A ghost from the past started hunting me when I went through my files. Ashamed of what I discovered I decided to tell everyone, especially young engineers, what not to do when setting a cement plug.

A few weeks back I was in the process of re-organizing my external hard drive. If you are like me, you have one of those external discs where you keep all your “work stuff.” My disc literally contains my entire professional life work.

Sometimes I am amazed by the stuff that pops-out when I search for something; exams from my early days as a drilling fluid engineer or as a cementer, CVs of candidates that I interviewed over a decade ago… you name it…

So, I decided to organize my hard drive with these objectives in mind:

    • To get rid of the stuff that does not help me anymore
    • To establish a structure that makes sense no matter where I work (or for whom!)
    • To find what I am looking for in the shortest time

One folder containing quite a few megabytes is labeled “Investigations.” There I keep lessons learned, technical and safety alerts and investigation reports from my former teams.

The folder sadly has documents from each and every single district I have worked.

A Safety instructor once told me, “company standards are written in blood.” Today I understand what he meant. Standards trail behind failures and accidents, and organizations and governments try to prevent their re-occurrence.

While organizing this folder, I realized that grouping the investigations by their topic instead of “by district” serves me far better in my current role as a well integrity “expert”.

Where the events took place is no longer relevant for me. The important thing is what those investigations addressed, so I can show young engineers how to deal with certain well situations, and how to prevent the occurrence of similar events.

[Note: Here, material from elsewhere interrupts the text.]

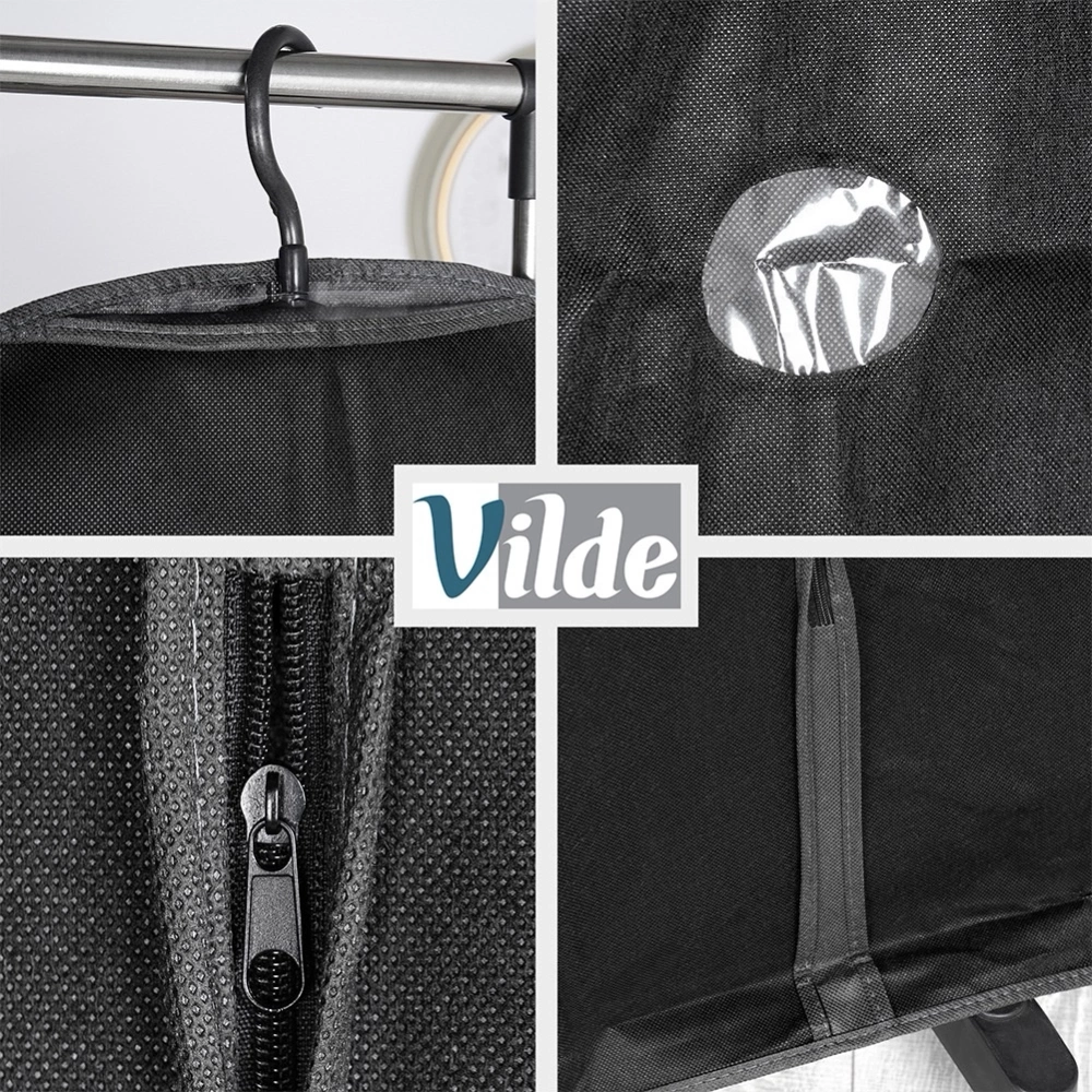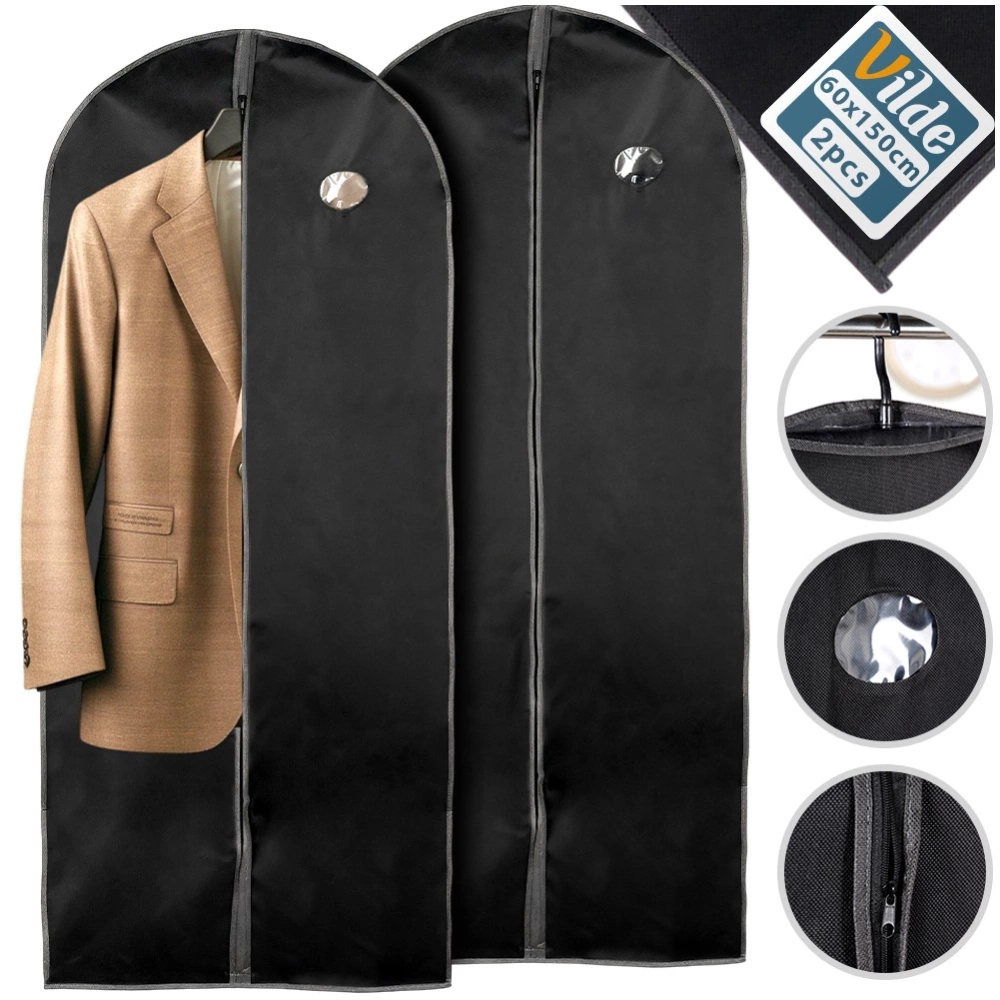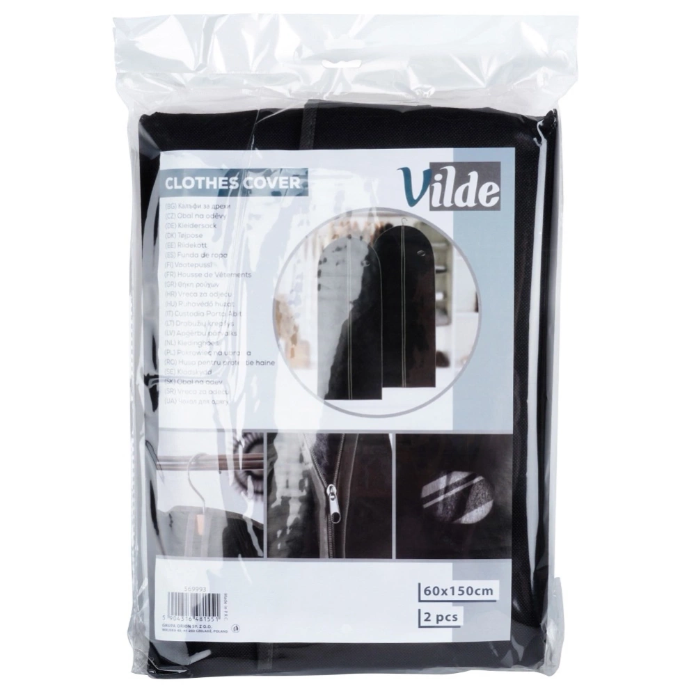 Zestaw dwóch uniwersalnych pokrowców na ubrania. Odpowiednio przechowywane ubrania mogą posłużyć nam przez długi czas. Pokrowce na ubrania, zaprojektowane z myślą o przechowywaniu garniturów, płaszczy, długich sukienek i innych ubrań. Pokrowiec sprawi, że ubranie nie pogniecie się, a jednocześnie zabezpieczy je przed kurzem czy wilgocią. Oryginalny produkt marki Vilde. Wyprodukowano zgodnie z europejskimi standardami.

Reading tip: Free water in Cement: Why is it critical?

When I focused on the investigations related to service delivery who had caused downtime or other types of “red money” (wasted money), the one ghost that chased me from everywhere I have worked was “The Failure of cement plugs”.

It is embarrassing how the reports reveal that the same mistakes are made over and over again in places as distant as Cabinda, Angola and Offshore Guyana, South America.

Free guide: The most common causes for leaks in oil wells and 8 questions to consider before you select solution.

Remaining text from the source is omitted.